* [ASSIGNMENT] Set down every entry again word for word, please, but skip the pictures.

Start of Block

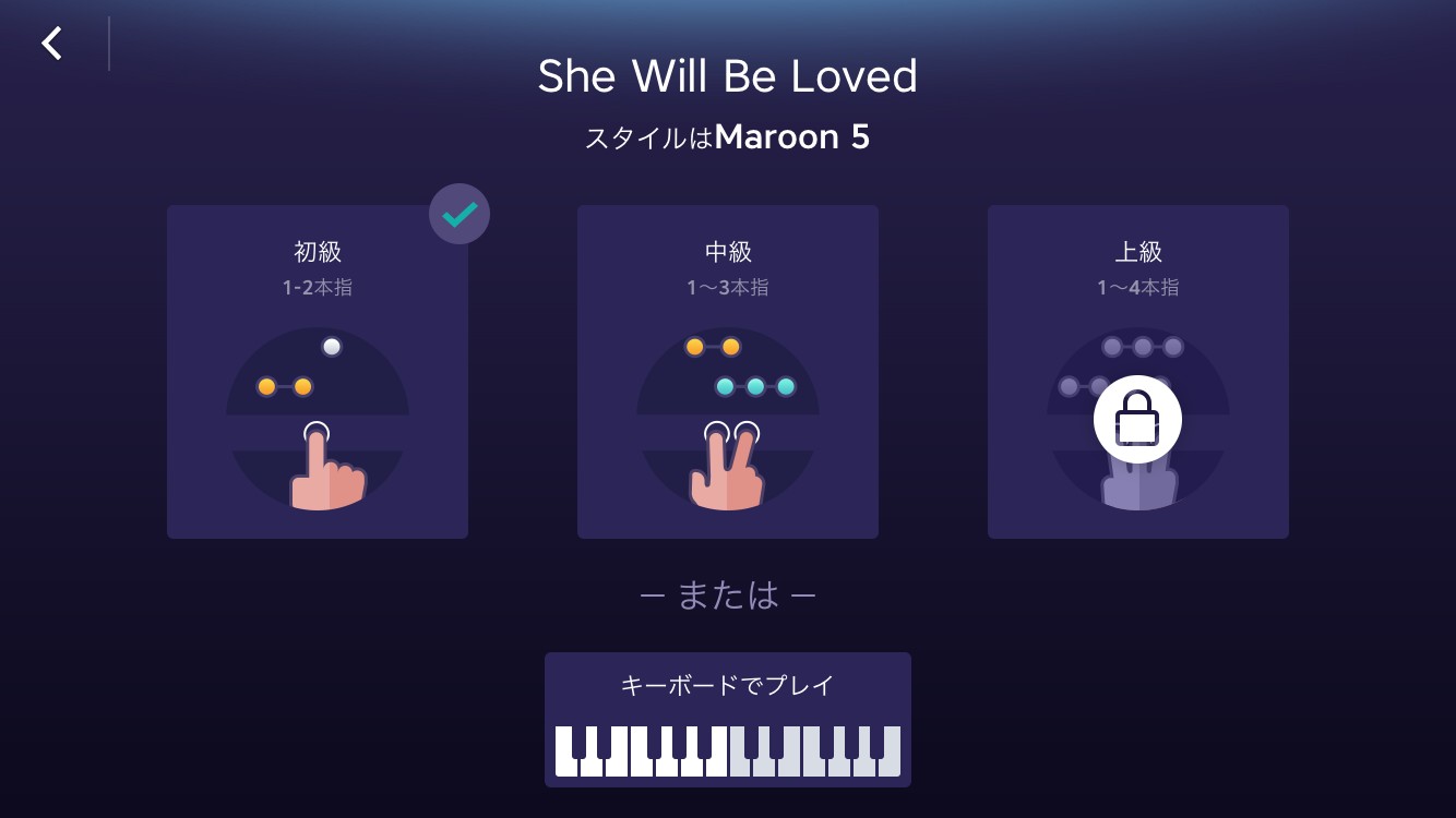 早速、無料の曲を挑戦してみました。再生ボタンをクリックすると、初級、中級、上級を選択する画面が表示されました。初級は1〜2本指、中級は1〜3本指、上級は1〜4本指を使用しながらゲームをします。最初は、初級しか選択できません。慣れるために初級から挑戦してみましょう。このまま初級〜上級のいずれかを選択すると、ゲームがスタートします。
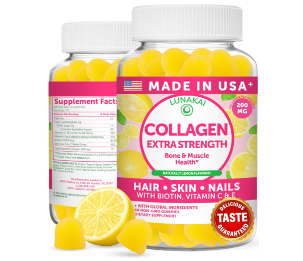 Lunakai USA胶原蛋白肽软糖——200毫克非转基因抗衰老配方 55%OFF
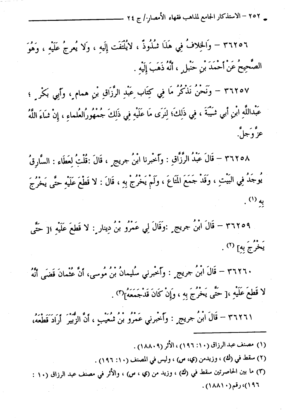 36260 - قَالَ ابْنُ جُرَيْجٍ: وَأَخْبَرَنِي سُلَيْمَانُ بْنُ مُوسَى أَنَّ عُثْمَانَ قَضَى أَنَّهُ لَا قَطْعَ عَلَيْهِ، حَتَّى يَخْرُجَ بِهِ، وَإِنْ كَانَ قَدْ جَمَعَهُ.
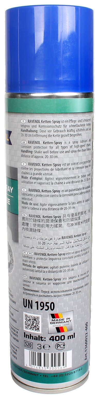 Смазка для цепей RAVENOL Ketten-Spray (0,4л) информация:
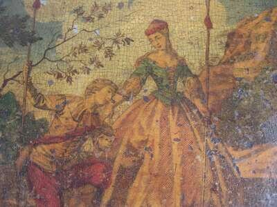 Painted pine, each of rectangular shape and painted with a reserve depicting courting couples on a red ground, with additional reserves with flower bouquets to the sides,.

End of Block

* [ANSWER BOX]
 早速、無料の曲を挑戦してみました。再生ボタンをクリックすると、初級、中級、上級を選択する画面が表示されました。初級は1〜2本指、中級は1〜3本指、上級は1〜4本指を使用しながらゲームをします。最初は、初級しか選択できません。慣れるために初級から挑戦してみましょう。このまま初級〜上級のいずれかを選択すると、ゲームがスタートします。
 Lunakai USA胶原蛋白肽软糖——200毫克非转基因抗衰老配方 55%OFF
 36260 - قَالَ ابْنُ جُرَيْجٍ: وَأَخْبَرَنِي سُلَيْمَانُ بْنُ مُوسَى أَنَّ عُثْمَانَ قَضَى أَنَّهُ لَا قَطْعَ عَلَيْهِ، حَتَّى يَخْرُجَ بِهِ، وَإِنْ كَانَ قَدْ جَمَعَهُ.
 Смазка для цепей RAVENOL Ketten-Spray (0,4л) информация:
 Painted pine, each of rectangular shape and painted with a reserve depicting courting couples on a red ground, with additional reserves with flower bouquets to the sides,.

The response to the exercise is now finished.